Slices are made up of records, 100 by default, each record usually refers to a line or row in a file, but is any valid BSON object for which work is to be performed.

A running batch job will be interrupted if a new job with a higher priority is queued for processing. This allows low priority jobs to use all available resources until a higher priority job arrives, and then to resume processing once the higher priority job is complete.

class ReverseJob < RocketJob::Job
  include RocketJob::Batch

  # Keep the job around after it has finished
  self.destroy_on_complete = false

  # Number of lines/records for each slice
  input_category slice_size: 100

  # Collect any output from the job
  output_category

  def perform(line)
    # Work on a single record at a time across many workers
  end
end

Queue the job for processing:

# Words would come from a database query, file, etc.
words = %w(these are some words that are to be processed at the same time on many workers)

job = ReverseJob.new

# Load words as individual records for processing into the job
job.upload do |records|
  words.each do |word|
    records << word
  end
end

# Queue the job for processing
job.save!

Batch Output

Display the output from the above batch:

# Display the results that were returned
job.output.each do |slice|
  slice.each do |record|
    # Display each record returned from job
    puts record
  end
end

Output Ordering

The order of the slices and records is exactly the same as the order in which the records were uploaded into the job.
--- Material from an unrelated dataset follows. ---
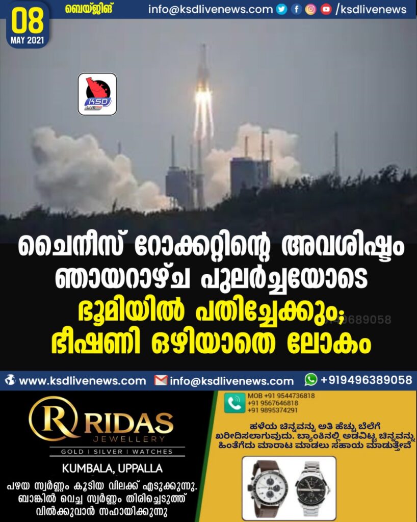 ചൈനീസ് റോക്കറ്റിന്റെ അവശിഷ്ടം ഞായറാഴ്ച പുലര്ച്ചയോടെ ഭൂമിയില് പതിച്ചേക്കും; ഭീഷണി ഒഴിയാതെ ലോകം

This makes it easy to correlate an input record with its corresponding output record.

There are cases however where the exact input and output record ordering can be changed:

When an input file has a header row, for example CSV, but the output file does not require one, for example JSON or XML.
- In this case the output file is just missing the header row, so every record / line will be off by 1.
By specifying nils: false on the output category it skips any records for which nil was returned by the perform method.

Job Completion

The output from a job can be queried at any time, but will be incomplete until the job has completed processing.

To programatically wait for a job to complete processing:

loop do
  sleep 1
  job.reload
  break unless job.running? || job.queued?
  puts "Job is still #{job.state}"
end

Large File Processing

Batch jobs can process very large files. Entire files are uploaded into a Job for processing and automatically broken up into slices for workers to process.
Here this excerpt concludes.